Formation permeability is one of the most important parameters for reservoir evaluation and optimization. Despite its importance, accurate estimation of continuous permeability is difficult due to its high variability and its dependence on the scale of measurement. To date, there is no generally accepted logging method for evaluating the continuous permeability of a formation. However, recent advances in the NMR logging (CMR* Combinable Magnetic Resonance tool) hold the greatest promise for a generally accepted continuous measurement of formation permeability.

We present comparison of permeability estimates from the CMR tool with the permeability estimates from other sources (i.e., cores, well tests, formation testers, and minipermeameter). Because permeability can vary by several orders of magnitude over short vertical distances and because different sources measure permeability at different scales, it is essential that permeability be properly averaged (arithmetic, harmonic or geometric depending on the type of heterogeneities) before such comparisons are made.

With the help of field examples, we show the utility of permeability esimates from the CMR tool for reservoir engineering applications. Due to the empirical nature of the permeability evaluation from T2 distributions, the absolute value of permeability must be calibrated with other sources of permeability information. However, the variation of permeability in a zone is estimated quite accurately. The continuous record of the variation of permeability in a zone is useful for establishing a completion/stimulation strategy and for establishing optimum reservoir management through reservoir simulation.

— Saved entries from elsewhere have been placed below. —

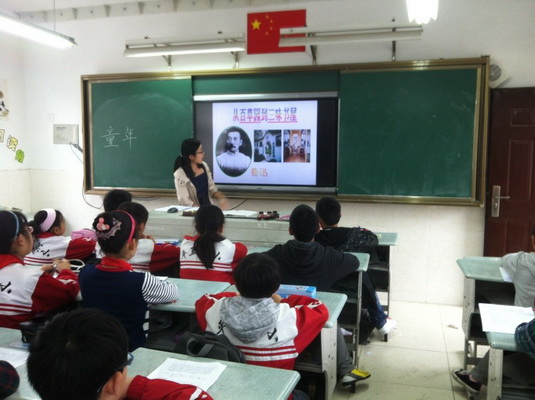 六(5)班的“与名家对话”展示课和鲁迅先生来了个穿越时空的对话,在鲁迅先生笔下的百草园和三味书屋中,孩子们感悟到了即便是大作家也有着欢乐的童年。大伙儿或读或悟,或感或写,在大家的散文中寻找童真。在评课活动中,王老师肯定了这一大胆的尝试,但就“对话”二字的具体落实,还与老师们进行了一次深入的探讨,这为丰富学生的文学素养教学提供了一笔丰厚的资源。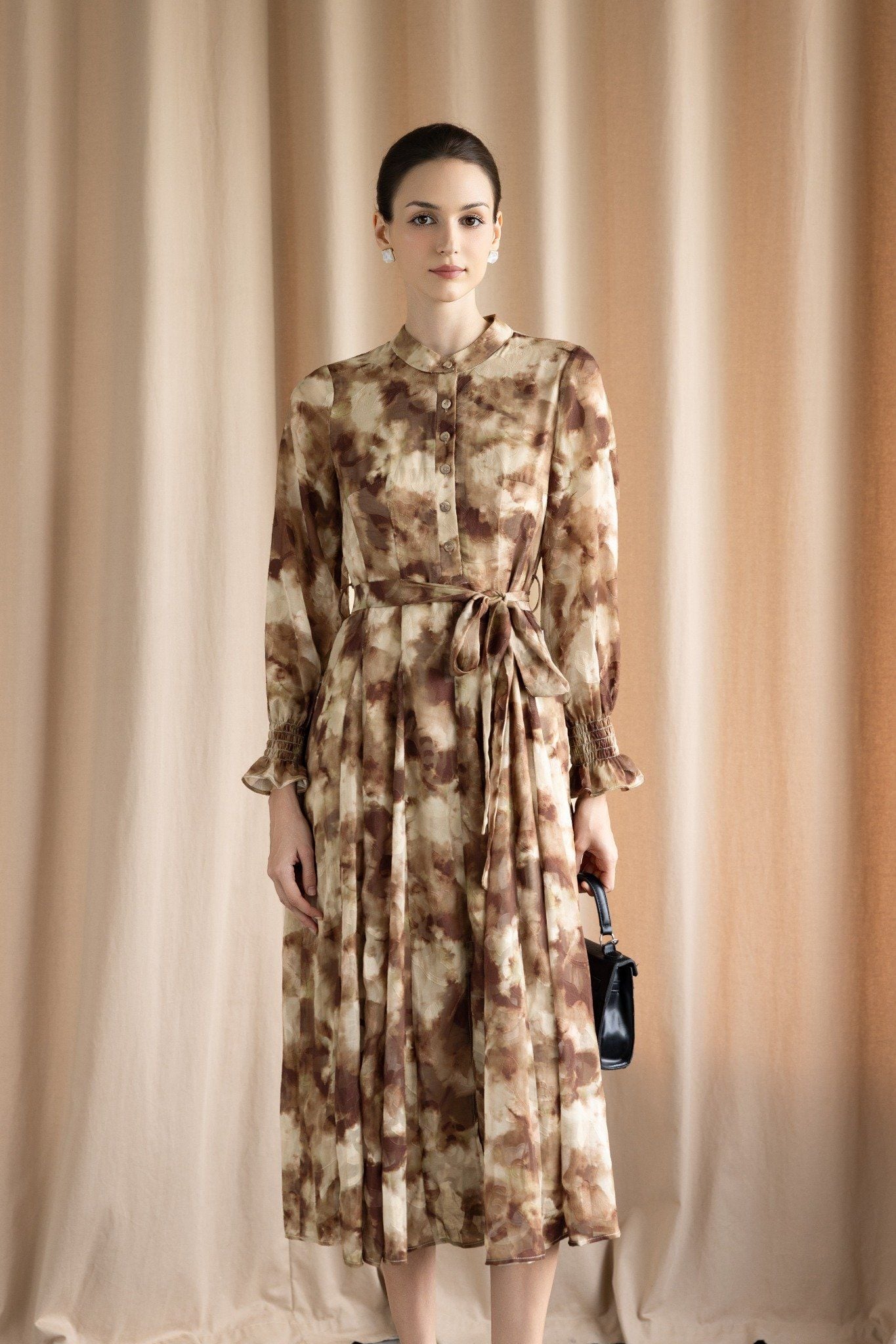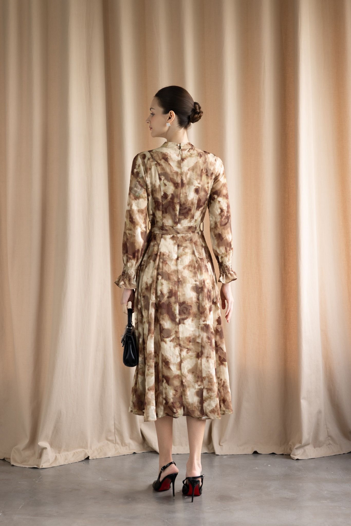 Kiểu dáng: đầm thiết kế dáng chữ A giúp che khuyết điểm cơ thể hiệu quả, độ dài qua gối, đầm sử dụng hoạ tiết loang tone màu nâu, tay bo chun cách điệu, kèm đai như hình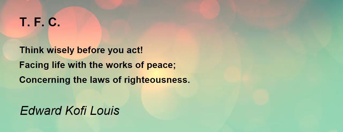 Think wisely before you act! Facing life with the works of peace; Concerning the laws of righteousness.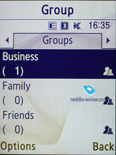 В памяти телефона сохраняется до 1000 имен со всеми заполненными номерами и данными. Если заполнять не все поля, то число имен все равно останется равным тысяче. В настройках можно указать, куда по умолчанию будут записываться все новые номера. Есть настройка переноса записей из памяти SIM-карты и обратно. Разработчики посчитали, что наилучшим способом для синхронизации является ПК, в частности, использование MS Outlook. Любую запись можно быстро отправить на другое устройство как SMS/MMS, почтовое сообщение, а также через Bluetooth. Никаких трудностей с отправкой не возникает, запись телефонной книги уходит на другое устройство без проблем и точно так же распознается. В телефоне можно завести свою визитку, ее формат совпадает полностью с обычной записью телефонной книги. В списке быстрого набора может быть до 8 номеров, причем занести можно и отдельные номера одного имени. На кнопках появляется подпись в виде выбранного имени, но не типа телефона.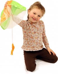 Gooi, kijk en vang! De lichtgevende parachutist met parachute zorgt voor eindeloos actieplezier en leert kinderen tegelijk de principes van dalen en zweven. Gooi hem gewoon omhoog – de parachute ontvouwt zich en vertraagt de val net als bij een echte parachutist. Dankzij het compacte figuurtje van 12 cm is het speelgoed geschikt voor de tuin, het park en binnen.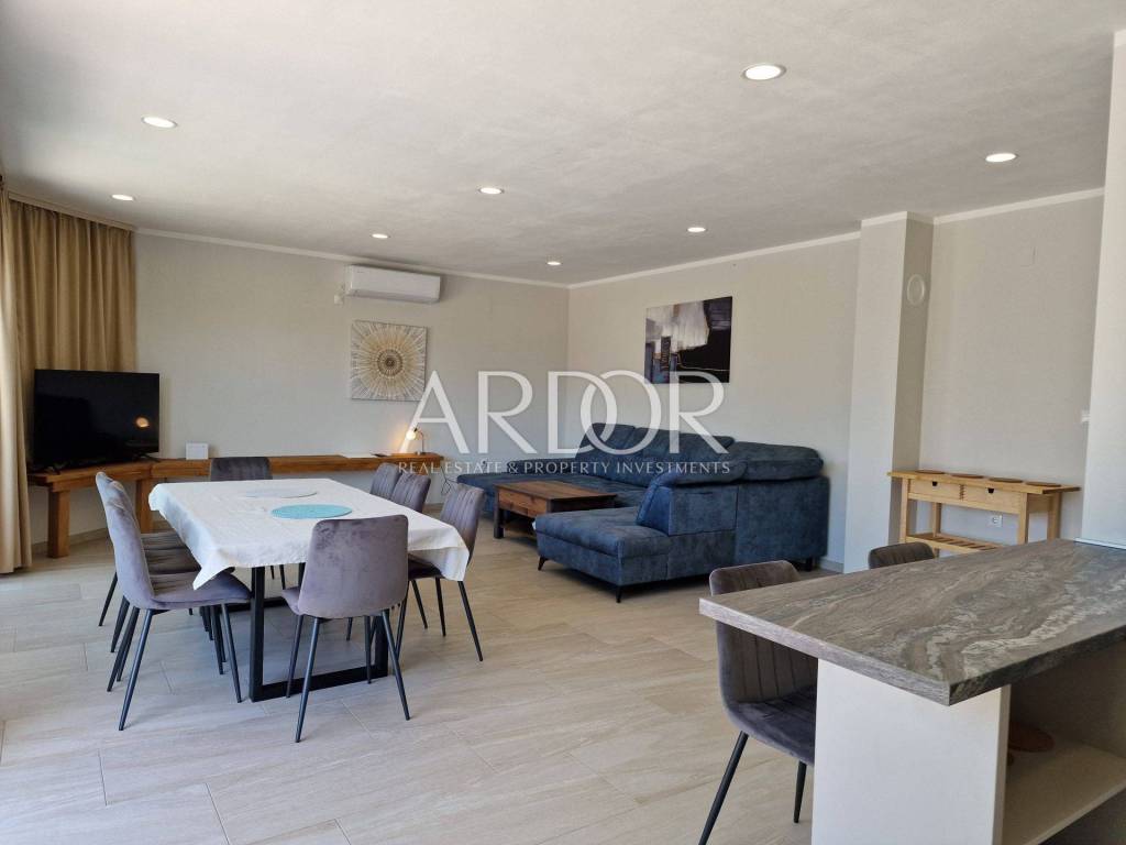 Crikvenica, luxury house for rent with panoramic sea view and swimming pool. The house is newly built, modern and equipped with quality furniture. On the ground floor there is a toilet and an open space area with a kitchen, dining room and living room, from which you can go out through a glass wall to the terrace and sunbathing area with a swimming pool. On the mezzanine there is a room with its own bathroom, and on the first floor there are three bedrooms with their own bathrooms and a terrace with a view of the sea. The building has another intermediate floor where there is a room with a bathroom and a small balcony. Hot water is heated using solar panels, and the building is heated by underfloor heating. The building has a garage with two parking spaces.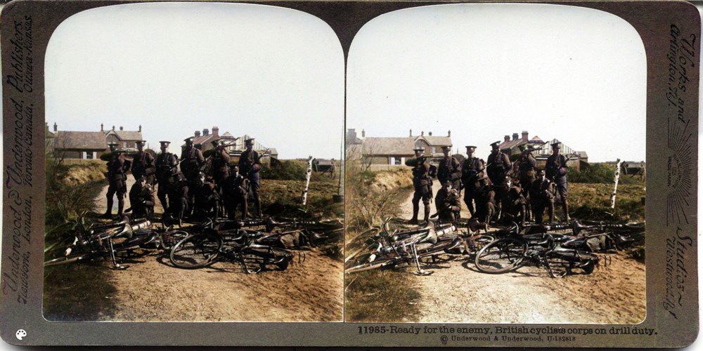 Image Id: 1853 Contributor: The Jordan/Ference Collection Theatre: Western Front Subject: Behind the Lines Location: France Regiment: Unknown Service Arm: Cycle Corps Battle: Unknown Date: Unknown Combatants: British Publisher: Underwood & Underwood (American) Source: American Directory: 11901-12168

Of all the formation parameters that are needed in the evaluation of hydrocarbon resources, permeability, which is a measure of how easily a fluid of certain viscosity flows through the rock under a pressure gradient, is the most important and, at the same time, the most difficult to evaluate. It is vital for establishing producibility, which determines whether a well should be completed and brought on line. The knowledge of the level and distribution of permeability is also essential in reservoir management for choosing the optimal drainage points and production rate, designing perforations, and selecting a stimulation strategy. Permeability of sedimentary rocks has a wide range, from near zero in some shales to 10,000 mD in coarse-grained sandstones. It can also vary greatly within a few inches in the same formation. Permeability of a formation is determined by the complex interaction of a number of variables. During deposition the grain size and the degree of homogeneity of the original particles are primary factors in determining permeability. How densely these particles are arranged, both initially and later during burial, can significantly alter pore diameters and subsequent permeability of the reservoir. Permeability generally increases with porosity, grain size and certain bedding patterns, but these relationships are far from consistent. Some apparently highly permeable rocks are rich in clay that migrates with production and plug pores, diminishing permeability. On the other hand, some relatively impermeable rocks may produce copiously through a network of fractures. In general, permeability increases with the size and interconnectedness of a rock's pores, but unforeseen details are frequently influential and extremely difficult to account for. This makes the estimation of permeability a difficult task under most circumstances.